Calculate biased connections for a given cell.

Parameters:
  • cell_pseudotime (float) – Pseudotime of the current cell.

  • neigh_pseudotime (ndarray) – Array of shape (n_neighbors,) containing pseudotime of neighbors.

  • neigh_conn (ndarray) – Array of shape (n_neighbors,) containing connectivities of the current cell and its neighbors.

  • kwargs (Any) –

Return type:

ndarray

Returns:

: Array of shape (n_neighbors,) containing the biased connectivities.

bias_knn(conn, pseudotime, n_jobs=None, backend='loky', show_progress_bar=True, **kwargs)[source]#

Bias cell-cell connectivities of a KNN graph.

Parameters:
  • conn (csr_matrix) – Sparse matrix of shape (n_cells, n_cells) containing the nearest neighbor connectivities.

  • pseudotime (ndarray) – Pseudotemporal ordering of cells.

  • show_progress_bar (bool) – Whether to show a progress bar. Disabling it may slightly improve performance.

  • n_jobs (Optional[int]) – Number of parallel jobs. If -1, use all available cores. If None or 1, the execution is sequential.

  • backend (str) – Which backend to use for parallelization. See Parallel for valid options.

  • kwargs (Any) –

Return type:

csr_matrix

Returns:

: The biased connectivities.

class cellrank.kernels.utils.HardThresholdScheme[source]#

Thresholding scheme inspired by Palantir [Setty et al., 2019].

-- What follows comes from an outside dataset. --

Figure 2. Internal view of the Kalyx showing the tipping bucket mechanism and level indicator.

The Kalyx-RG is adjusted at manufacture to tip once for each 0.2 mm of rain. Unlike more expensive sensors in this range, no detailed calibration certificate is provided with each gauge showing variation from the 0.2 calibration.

Note that this won’t exactly reproduce the original Palantir results:

  • Palantir computes the kNN graph in a scaled space of diffusion components.

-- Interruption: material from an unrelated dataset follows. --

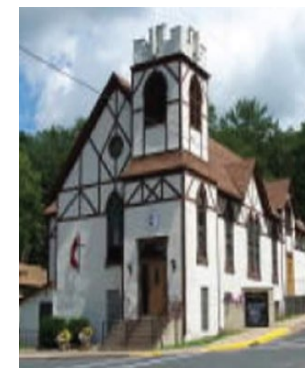
St. Croix Falls Since 1859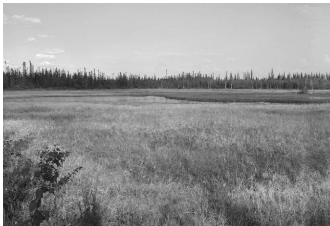
Chena Flats Greenbelt property transferred to the Fairbanks North Star Borough

The Chena Flats Greenbelt Project has currently conserved for future generations over 270 acres between Chena Ridge and Chena Pump Road. These properties not only provide open-space to the neighborhood, but are also high-biological value wetlands, providing wildlife habitat and watershed services such as floodwater storage.

  • Palantir uses its own pseudotime to bias the kNN graph which is not implemented here.

  • Palantir uses a slightly different mechanism to ensure the graph remains connected when removing edges that point into the “pseudotime past”.

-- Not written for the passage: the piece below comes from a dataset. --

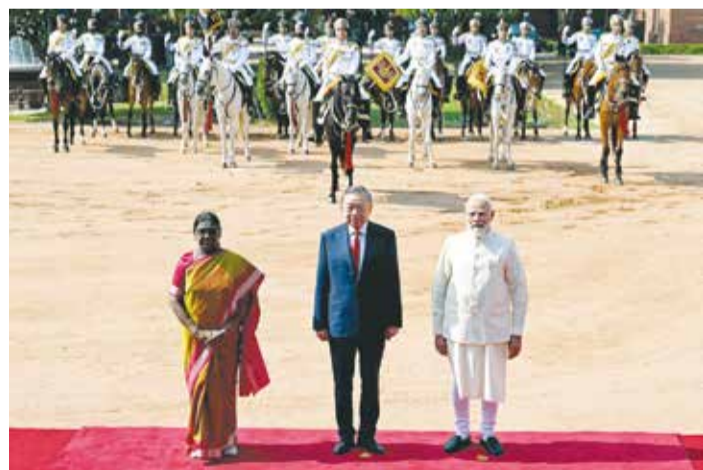
India's President Droupadi Murmu (L) alongside Prime Minister Narendra Modi (R) poses for a photograph with her Vietnamese counterpart To Lam during a ceremonial reception at the presidential palace Rashtrapati Bhavan in New Delhi

Both sides said the discussions focused on sectors like education, rare earth minerals and digital payment systems, reflecting "the enhanced compre-

__call__(cell_pseudotime, neigh_pseudotime, neigh_conn, frac_to_keep=0.3)[source]#

Convert the undirected graph of cell-cell similarities into a directed one by removing “past” edges.

This uses a pseudotemporal measure to remove graph-edges that point into the pseudotime-past. For each cell, it keeps the closest neighbors, even if they are in the pseudotime past, to make sure the graph remains connected.

Parameters:
  • cell_pseudotime (float) – Pseudotime of the current cell.

  • neigh_pseudotime (ndarray) – Array of shape (n_neighbors,) containing pseudotime of neighbors.

  • neigh_conn (ndarray) – Array of shape (n_neighbors,) containing connectivities of the current cell and its neighbors.

  • frac_to_keep (float) – The frac_to_keep * n_neighbors closest neighbors (according to graph connectivities) are kept, no matter whether they lie in the pseudotemporal past or future. Must be in \([0, 1]\).

Return type:

ndarray

Returns:

: Array of shape (n_neighbors,) containing the biased connectivities.

class cellrank.kernels.utils.SoftThresholdScheme[source]#

Thresholding scheme inspired by [Stassen et al., 2021].

The idea is to downweight edges that points against the direction of increasing pseudotime. Essentially, the further “behind” a query cell is in pseudotime with respect to the current reference cell, the more penalized will be its graph-connectivity.

__call__(cell_pseudotime, neigh_pseudotime, neigh_conn, b=10.0, nu=0.5)[source]#

Bias the connectivities by downweighting ones to past cells.

This function uses generalized logistic regression to weight the past connectivities.

Parameters:
  • cell_pseudotime (float) – Pseudotime of the current cell.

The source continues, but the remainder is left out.